» **PROBLEM TO SOLVE**: Set the data down again, exactly as it reads, but without the pictures.

» **GIVEN DATA**:

====

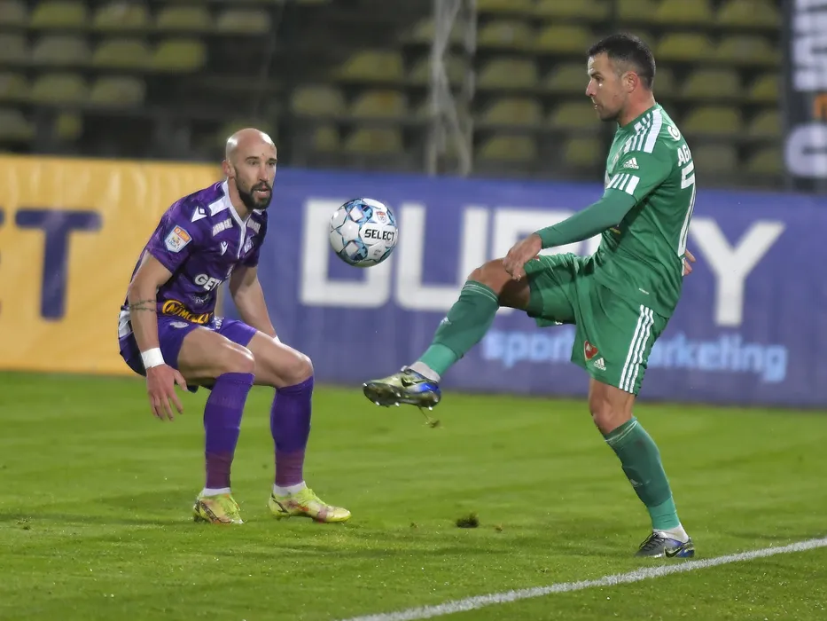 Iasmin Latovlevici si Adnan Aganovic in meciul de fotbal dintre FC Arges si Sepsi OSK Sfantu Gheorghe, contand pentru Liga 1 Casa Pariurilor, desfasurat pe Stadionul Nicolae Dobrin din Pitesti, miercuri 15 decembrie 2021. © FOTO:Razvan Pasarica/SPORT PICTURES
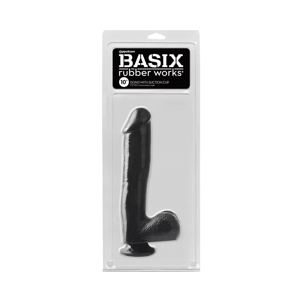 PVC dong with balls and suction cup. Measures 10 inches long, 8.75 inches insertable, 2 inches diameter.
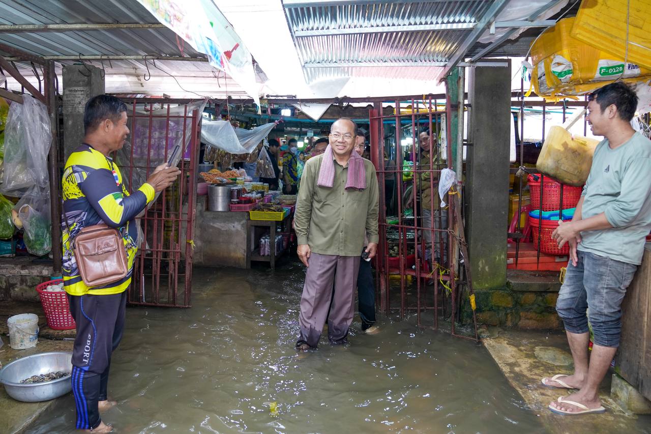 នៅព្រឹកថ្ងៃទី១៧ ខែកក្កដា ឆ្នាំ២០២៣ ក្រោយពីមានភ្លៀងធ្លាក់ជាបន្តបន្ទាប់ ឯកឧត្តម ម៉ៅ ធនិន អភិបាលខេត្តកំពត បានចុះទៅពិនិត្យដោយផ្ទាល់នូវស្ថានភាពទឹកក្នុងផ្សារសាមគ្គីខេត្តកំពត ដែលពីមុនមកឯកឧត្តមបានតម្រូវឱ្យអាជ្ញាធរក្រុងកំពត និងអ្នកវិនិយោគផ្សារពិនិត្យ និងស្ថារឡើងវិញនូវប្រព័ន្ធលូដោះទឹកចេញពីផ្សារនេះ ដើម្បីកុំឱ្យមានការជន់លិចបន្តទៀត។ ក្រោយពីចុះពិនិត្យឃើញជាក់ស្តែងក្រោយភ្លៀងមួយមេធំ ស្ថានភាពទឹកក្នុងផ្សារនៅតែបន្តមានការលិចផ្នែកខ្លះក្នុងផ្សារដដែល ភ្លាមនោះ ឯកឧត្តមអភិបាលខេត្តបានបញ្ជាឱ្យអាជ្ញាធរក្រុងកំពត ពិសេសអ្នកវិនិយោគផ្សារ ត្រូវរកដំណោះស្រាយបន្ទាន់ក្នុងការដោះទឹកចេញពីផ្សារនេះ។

====

» **EXPECTED ANSWER**:
 Iasmin Latovlevici si Adnan Aganovic in meciul de fotbal dintre FC Arges si Sepsi OSK Sfantu Gheorghe, contand pentru Liga 1 Casa Pariurilor, desfasurat pe Stadionul Nicolae Dobrin din Pitesti, miercuri 15 decembrie 2021. © FOTO:Razvan Pasarica/SPORT PICTURES
 PVC dong with balls and suction cup. Measures 10 inches long, 8.75 inches insertable, 2 inches diameter.
 នៅព្រឹកថ្ងៃទី១៧ ខែកក្កដា ឆ្នាំ២០២៣ ក្រោយពីមានភ្លៀងធ្លាក់ជាបន្តបន្ទាប់ ឯកឧត្តម ម៉ៅ ធនិន អភិបាលខេត្តកំពត បានចុះទៅពិនិត្យដោយផ្ទាល់នូវស្ថានភាពទឹកក្នុងផ្សារសាមគ្គីខេត្តកំពត ដែលពីមុនមកឯកឧត្តមបានតម្រូវឱ្យអាជ្ញាធរក្រុងកំពត និងអ្នកវិនិយោគផ្សារពិនិត្យ និងស្ថារឡើងវិញនូវប្រព័ន្ធលូដោះទឹកចេញពីផ្សារនេះ ដើម្បីកុំឱ្យមានការជន់លិចបន្តទៀត។ ក្រោយពីចុះពិនិត្យឃើញជាក់ស្តែងក្រោយភ្លៀងមួយមេធំ ស្ថានភាពទឹកក្នុងផ្សារនៅតែបន្តមានការលិចផ្នែកខ្លះក្នុងផ្សារដដែល ភ្លាមនោះ ឯកឧត្តមអភិបាលខេត្តបានបញ្ជាឱ្យអាជ្ញាធរក្រុងកំពត ពិសេសអ្នកវិនិយោគផ្សារ ត្រូវរកដំណោះស្រាយបន្ទាន់ក្នុងការដោះទឹកចេញពីផ្សារនេះ។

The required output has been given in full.